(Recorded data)
+++++

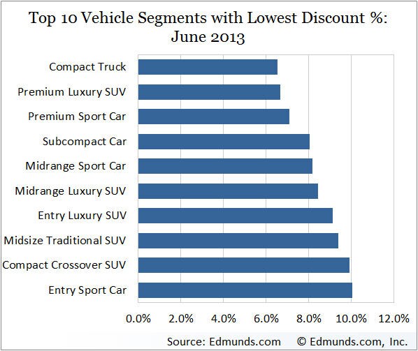 For each vehicle category displayed, the Discount Percentage by Category data is the sales-weighted average percentage difference between the MSRP and the True Market Value® of all available trim levels of that category sold in the months indicated.
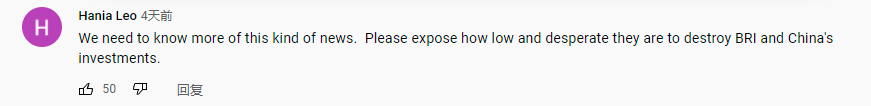 网友Hania Leo:“我们需要知道更多这样的新闻。请揭露他们为了破坏‘一带一路’和中国投资是多么的卑劣和丧心病狂。”
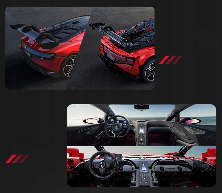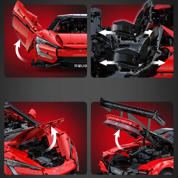 CaDA Yangwang U9 BYD modelis 1:8 masteliu yra tikras meno kūrinys konstruktorių pasaulyje. Kiekviena iš 3671 detalės kruopščiai suprojektuota, kad atkartotų tikrojo BYD Yangwang U9 sportinio automobilio aerodinamiką ir agresyvią išvaizdą. Detalus raudonas kėbulas, tikroviškos linijos ir net 60,5 cm ilgio modelis daro jį įspūdingu eksponatu bet kurioje lentynoje. Tai daugiau nei žaislas – tai galimybė turėti savo rankose aukščiausios klasės automobilio kopiją.
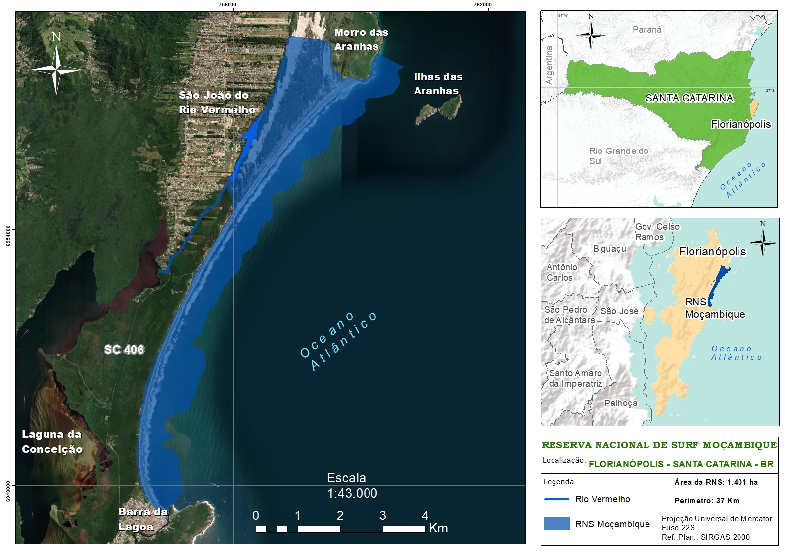 A praia do Moçambique é parte integrante do Parque Estadual do Rio Vermelho, uma Unidade de Conservação de proteção integral administrada pelo Instituto de Meio Ambiente de Santa Catarina (IMA), tendo o Rio Vermelho como o principal contribuinte de água doce para Lagoa da Conceição. A praia é considerada uma das mais balneáveis e belas de Florianópolis e está inserida na porção nordeste da Bacia Hidrográfica da Lagoa da Conceição, cartão postal da cidade e que forma um ecossistema de surf diverso e rico em biodiversidade, um cenário ideal para uma Reserva Nacional de Surf.
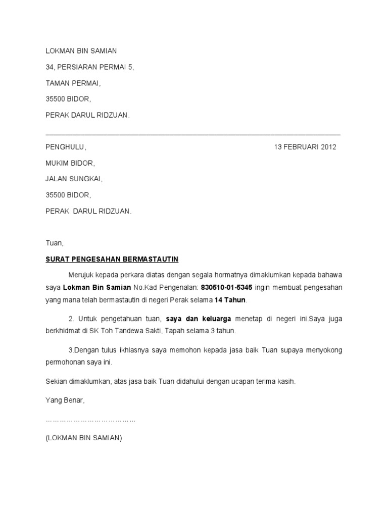 Contoh surat pengesahan bermastautin dari ketua kampung. Dengan segala hormat dan. Web Surat pengesahan mastautin terkini bagi pemohon yang kelahiran luar Negeri Terengganu dan telah bermastautin di Negeri Terengganu tidak kurang dari tiga 3 tahun berturut-turut.
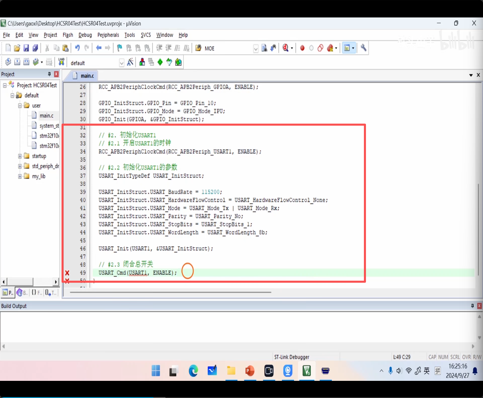 上图为串口测试代码。调用 usart.h,发送字符串测试。
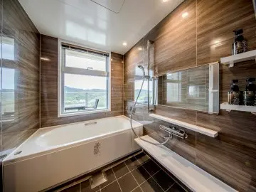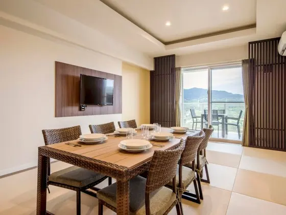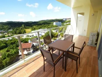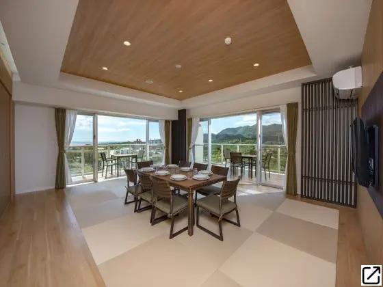やんばるの自然を一望する広々としたリビングとテラスは、角部屋ならではの魅力です。

+++++

Every line from the one with "CaDA Yangwang U9" through the last line of the data must be copied exactly. Leave the pictures out.

 CaDA Yangwang U9 BYD modelis 1:8 masteliu yra tikras meno kūrinys konstruktorių pasaulyje. Kiekviena iš 3671 detalės kruopščiai suprojektuota, kad atkartotų tikrojo BYD Yangwang U9 sportinio automobilio aerodinamiką ir agresyvią išvaizdą. Detalus raudonas kėbulas, tikroviškos linijos ir net 60,5 cm ilgio modelis daro jį įspūdingu eksponatu bet kurioje lentynoje. Tai daugiau nei žaislas – tai galimybė turėti savo rankose aukščiausios klasės automobilio kopiją.
 A praia do Moçambique é parte integrante do Parque Estadual do Rio Vermelho, uma Unidade de Conservação de proteção integral administrada pelo Instituto de Meio Ambiente de Santa Catarina (IMA), tendo o Rio Vermelho como o principal contribuinte de água doce para Lagoa da Conceição. A praia é considerada uma das mais balneáveis e belas de Florianópolis e está inserida na porção nordeste da Bacia Hidrográfica da Lagoa da Conceição, cartão postal da cidade e que forma um ecossistema de surf diverso e rico em biodiversidade, um cenário ideal para uma Reserva Nacional de Surf.
 Contoh surat pengesahan bermastautin dari ketua kampung. Dengan segala hormat dan. Web Surat pengesahan mastautin terkini bagi pemohon yang kelahiran luar Negeri Terengganu dan telah bermastautin di Negeri Terengganu tidak kurang dari tiga 3 tahun berturut-turut.
 上图为串口测试代码。调用 usart.h,发送字符串测试。
やんばるの自然を一望する広々としたリビングとテラスは、角部屋ならではの魅力です。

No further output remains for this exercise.